When creating a drawing, I make it a point to fill as much of the visual space as possible. This dense horror vacui aesthetic encourages multiple viewings and close examination of the work. It also allows me to hide references to religious art, stick figures, occult symbols, and foreign phrases within the tangle of imagery; these details also encourage and reward repeat viewings.
When starting a work, I begin by drawing the main figures. These figures are primarily sourced from 1970s yoga books, adult ephemera, and books of nudes made for students. After making a detailed drawing of the main character, I disassemble the figure. When I feel the figure has been properly dismantled, I repair them in such a way that it turns what was once a basic model in a standard pose into something more thought-provoking and surreal. Although this process usually leaves the subjects of the work obviously damaged or disabled, they are still alive and standing.

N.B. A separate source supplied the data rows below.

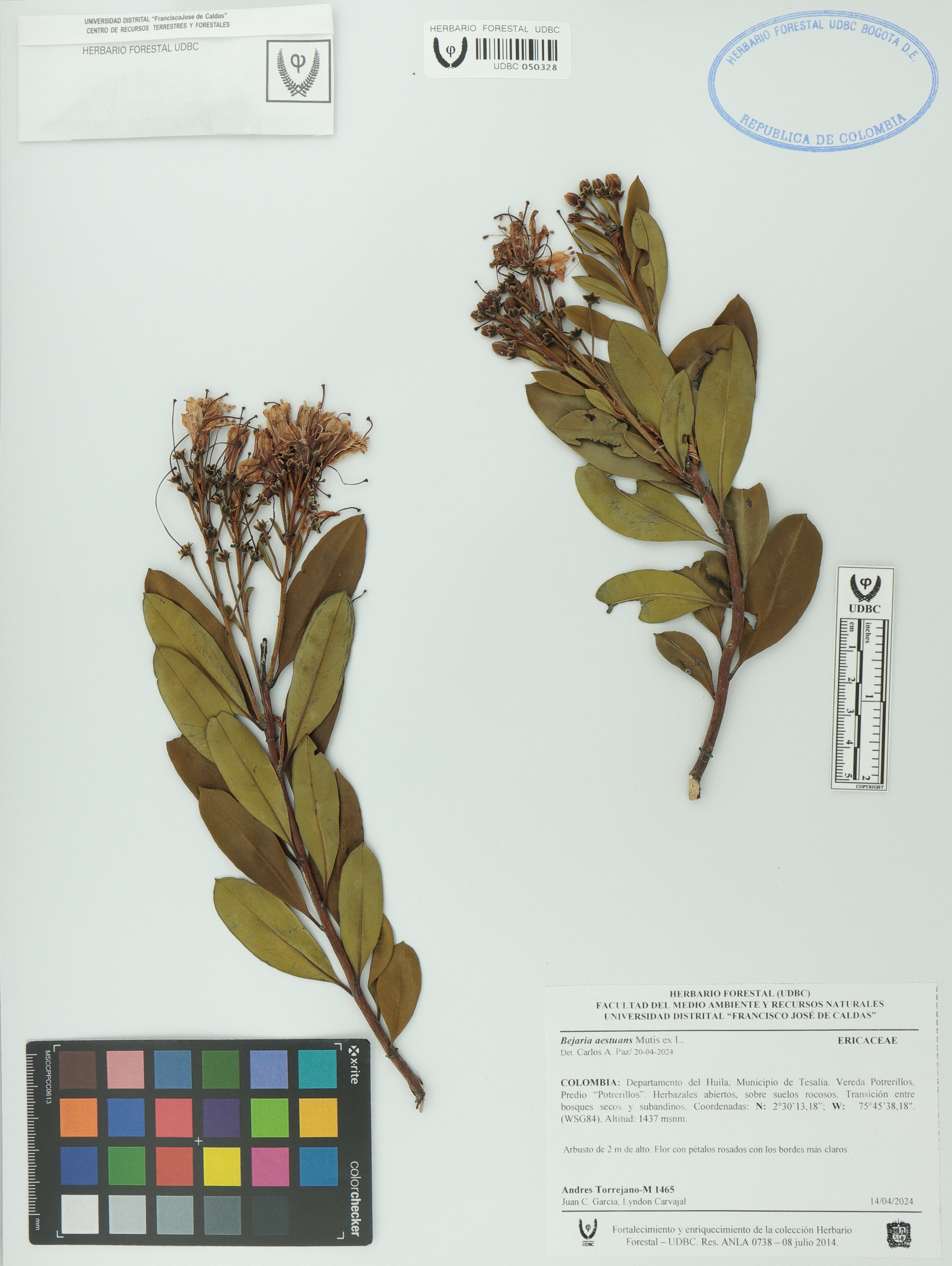 | dc.description | Fotografía del ejemplar Torrejano-M., A. 1465, determinado como Bejaria aestuans en el año 2024 | |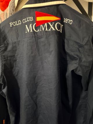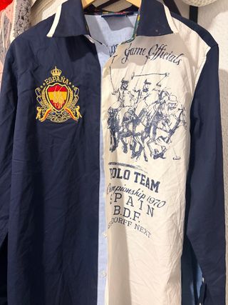 Camisa de manga larga con un diseño único que combina dos paneles. - Panel izquierdo azul marino con escudo de España bordado. - Panel derecho blanco con estampado gráfico de Polo Team y Game Officials. - Cuello camisero. - Cierre de botones.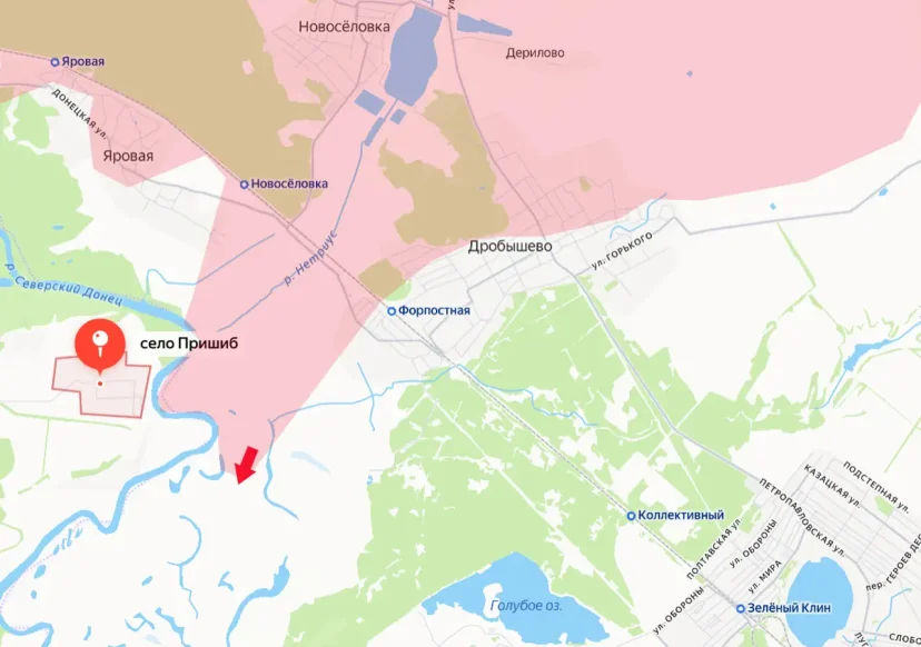 Российские войска продвигаются на севере Донецкой Народной Республики. С начала суток подразделения ВС РФ продвинулись примерно на 3 км вдоль Северского Донца восточнее города Святогорск. Продвижение началось от станции Новосёловка и достигло территории в районе излучины Северского Донца юго-восточнее села Пришиб.

To determine the background, I use a technique frequently used by Klee and Miró, but instead of random blotches of paint, I use random lines and dots; these semi-random marks inform the type of environment in which the figures will be depicted.
I allow the meaning contained within the work to be ambiguous so that the audience can create their own. This ambiguity allows the drawing's meaning to change with every viewer.
Text has always been a tool I've used in my work. Be it the blocks of text about my life as a person with a disability, which I did as far back as 2003, or the text I frequently hide in my drawings. Text has always been a long-running, recurring material in my work. After a temporary physical setback in 2013 that limited my ability to draw, I began working on what I would eventually call the text sculptures.
Aesthetically, they resemble the works of conceptual artists such as Weiner, Kosuth, Holzer, and early Baldessari. However, my use of distinctive language, verbs, and adverbs makes my use of text distinct from my aesthetic inspirations.
When constructing a text sculpture, I begin by writing a basic depiction of a basic object. This simple start reflects how, when starting a drawing, I begin with a simple figure. After I describe [draw] the object, I dismantle it by adding more nuanced and abstract nouns, verbs, and adjectives. Over time, a simple sentence describing a basic object morphs into something that could only exist as a surreal nonphysical object.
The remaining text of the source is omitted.